__Task instructions__: Any pictures in the records below must be left out when you repeat the lines from the line containing "সীতাকুণ্ডে টায়ার ফ্যাক্টরি" through the line containing "Въдицата е окомплектована" exactly.
═══ Dataset ═══
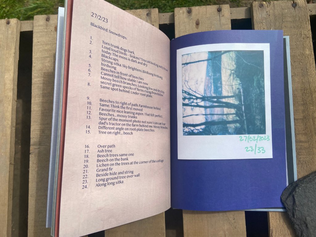 The book is a collection of polaroid photographs and words from my notebooks as I photographed the woods during the winter of 2022-23, between December and March. It’s 52 pages long and bound in hardback.
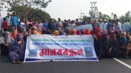 সীতাকুণ্ডে টায়ার ফ্যাক্টরি অপসারনের দাবিতে মানবন্ধন
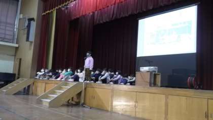 初めてのくすのきタイム。体育館でたくさんのお家の人の前というのもあり,
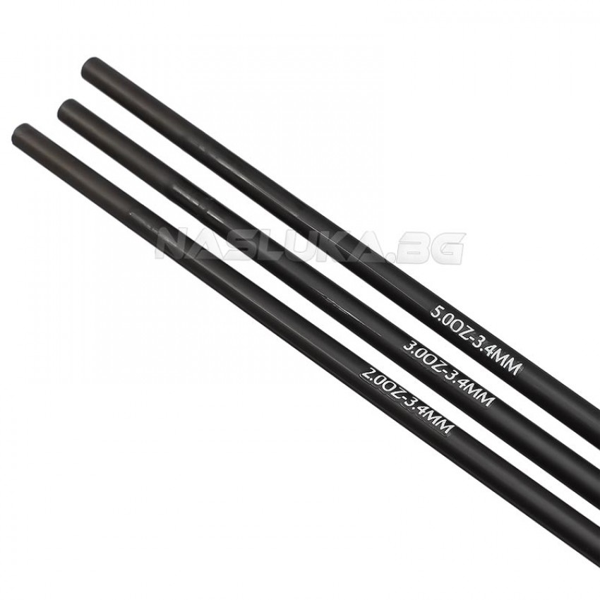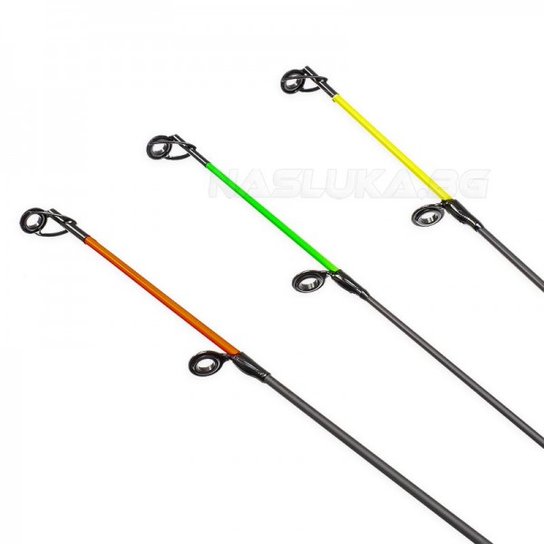 Въдицата е окомплектована с три карбонови фидер върха - 1.5oz , 2.0oz , 3.0z. Препоръчва се за риболов в реки, язовири и комерсиални водоеми.
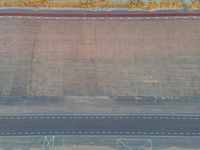 This is an aerial view of a coastal landscape in Holland, Netherlands. The image captures the break of day, with the dawn light reflecting off the ocean. The open space consists of grass, vegetation, and trees, creating a natural and serene atmosphere. The pattern of the asphalt road cuts through the landscape, leading to a high bridge with a composite material flooring. The top-down perspective showcases the rectangular shape and grey hue of the road surface. This photo represents the elevated beauty of Holland's coastal nature and infrastructure.
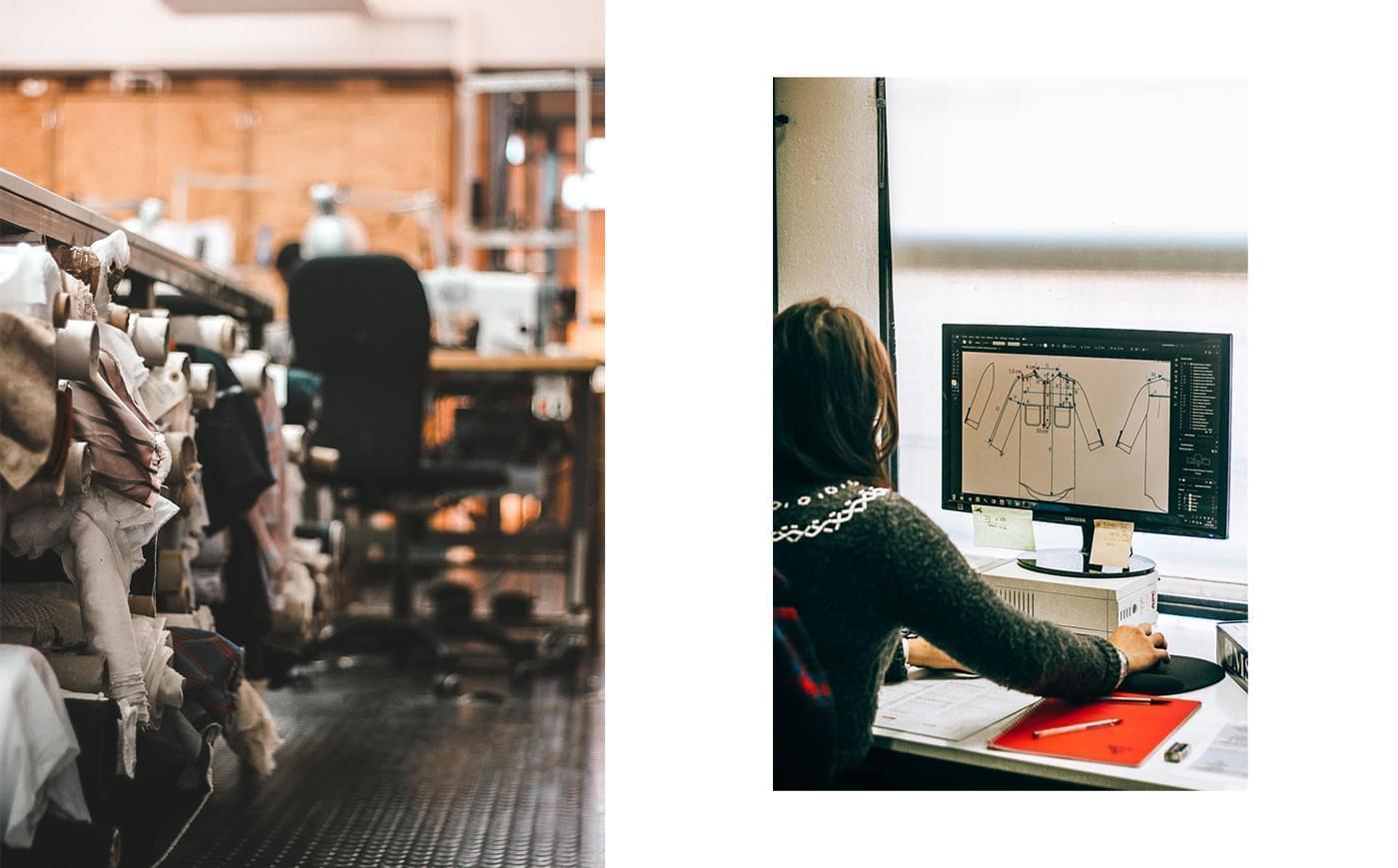 Parce que rien n’est plus important que de pouvoir développer nos patrons nous-mêmes, nous avons depuis toujours notre propre atelier de confection en interne. Une équipe de 5 personnes y travaille en permanence à la fois au prototypage, au patronage et à la confection de nos modèles.
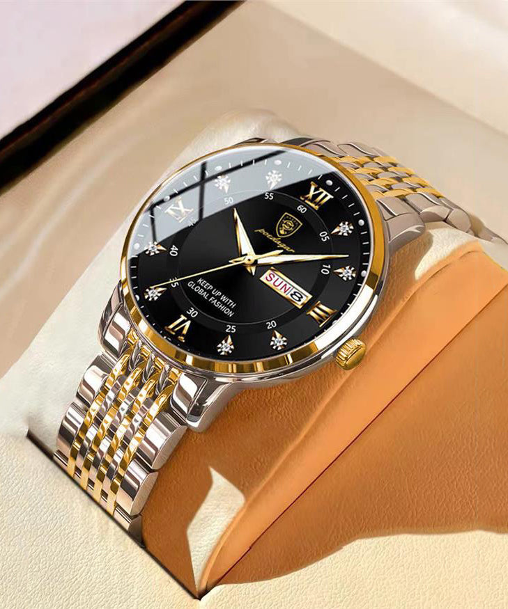 Fashion Black Stainless Steel Waterproof Noctilucent Watches
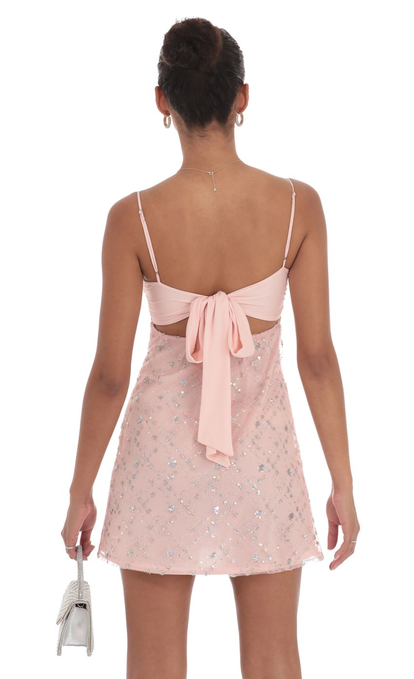 Lucy in the Sky Glitter Sequin Babydoll Dress in Pink
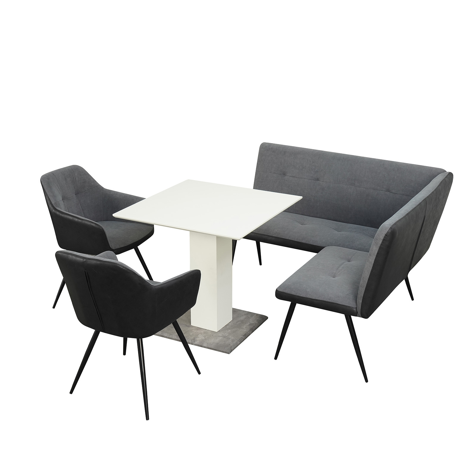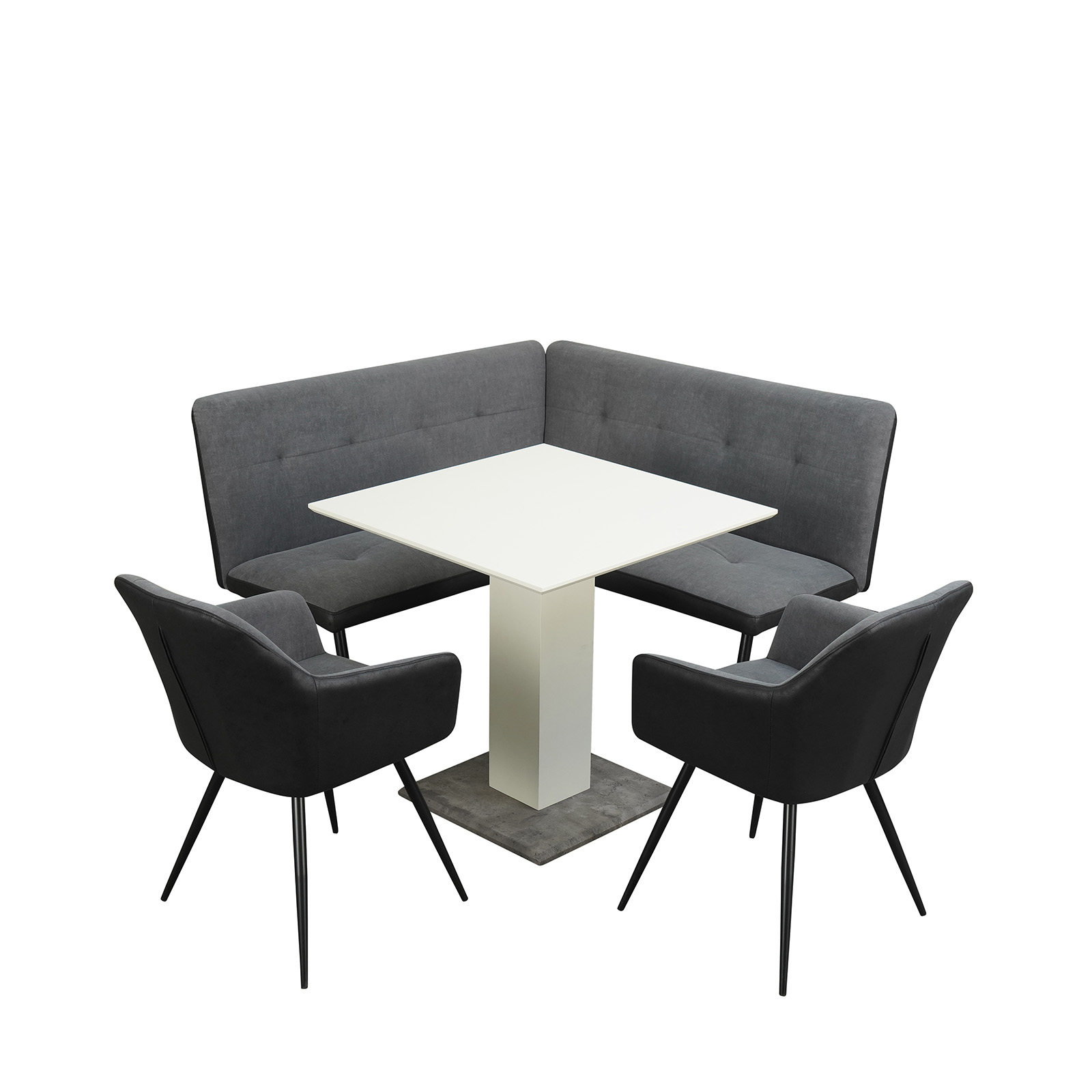 | Lieferumfang: | 1 Esstisch, 1 Eckbank, 2 Stühle |
═══
__Output of the exercise__:
 সীতাকুণ্ডে টায়ার ফ্যাক্টরি অপসারনের দাবিতে মানবন্ধন
 初めてのくすのきタイム。体育館でたくさんのお家の人の前というのもあり,
 Въдицата е окомплектована с три карбонови фидер върха - 1.5oz , 2.0oz , 3.0z. Препоръчва се за риболов в реки, язовири и комерсиални водоеми.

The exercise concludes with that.